Getting Started with Dark Souls: Remastered Modding
DSR Mod Engine, the original-vs-Remastered distinction, and offline-only modding
Dark Souls: Remastered modding follows the same offline-only EAC-bypass pattern as Dark Souls III and Elden Ring, but with a smaller mod catalogue and DSR-specific tooling. This guide walks the basic install.
Step 1 — Confirm DSR vs original DS
Two separate games:
- Dark Souls (2011) — the original PC port. Famous for needing DSfix to be playable.
- Dark Souls: Remastered (2018) — updated PC release. Doesn't need DSfix; has its own (smaller) modding scene.
Steam's current default is Remastered.
Step 2 — Install DSR Mod Engine
DSR has its own mod engine fork (separate from Mod Engine 2). Download from Nexus or the relevant GitHub release. Configure per the README to point at your DSR install.

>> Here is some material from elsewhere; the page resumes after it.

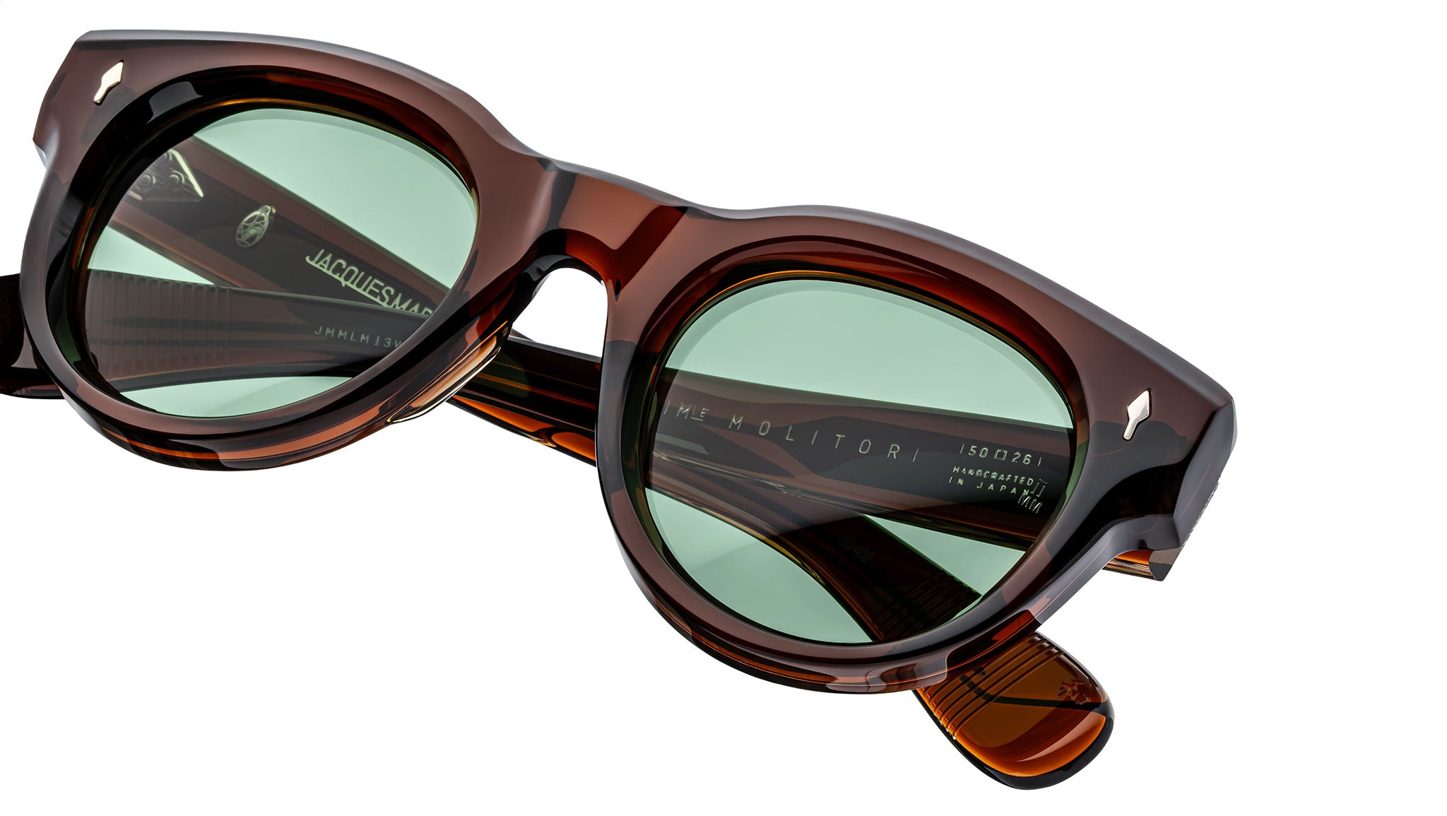 The Jacques Marie Mage Molitor sunglasses are boldly balanced, limited-edition spectacles designed with a medium fit, showcasing a harmonious blend of form and function. Crafted with custom 7-barrel hinges and signature polished metal details, the frame features exposed ‘Classic’ wirecores that highlight the meticulous construction and refined aesthetic synonymous with the brand's elevated design ethos.

Step 3 — Install your first mods
The DSR mod catalogue is smaller. Browse Nexus Mods DSR for the current crop. Texture replacements and balance mods dominate.
Step 4 — Launch with mods
Launch via DSR Mod Engine's script, not Steam direct. EAC must be bypassed for mods to load.
Step 5 — Save handling
Modded DSR saves should stay separate from any online play. Same caution as DS3.
Common gotchas
- Mod targeted original Dark Souls. Many "Dark Souls" mods on Nexus are for the original, not Remastered. Filter carefully.
- EAC blocks launch. Use DSR Mod Engine's launch script.
- Catalogue feels small. Yes. DSR's modding community migrated mostly to DS3 and Elden Ring.
If you specifically want to mod a Souls game, Dark Souls III has a much larger active community. See the DS3 guide for that more mature scene.